▶ Work to be completed:
Under this line sits a listing. Repeat exactly and only its lines from the one holding "Hliníkové rámy pro vzduchové clony OR-AK" through the one holding "平成29年度第2回利用者支援研究会合同学習会"; skip pictures.

▶ Information:
______________________________
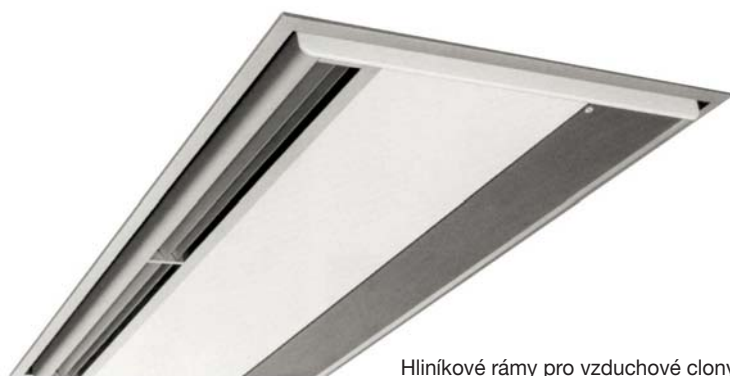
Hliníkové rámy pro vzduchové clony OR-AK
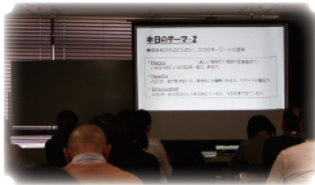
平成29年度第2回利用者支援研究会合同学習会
______________________________
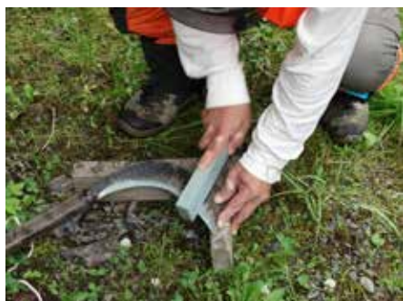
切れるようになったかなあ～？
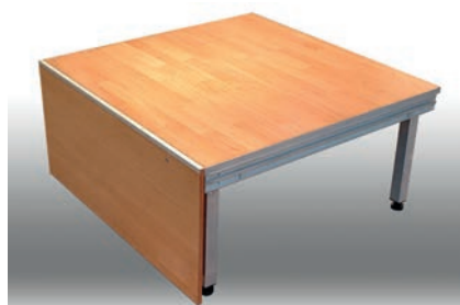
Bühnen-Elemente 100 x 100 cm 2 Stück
______________________________
▶ The completed task:
Hliníkové rámy pro vzduchové clony OR-AK
平成29年度第2回利用者支援研究会合同学習会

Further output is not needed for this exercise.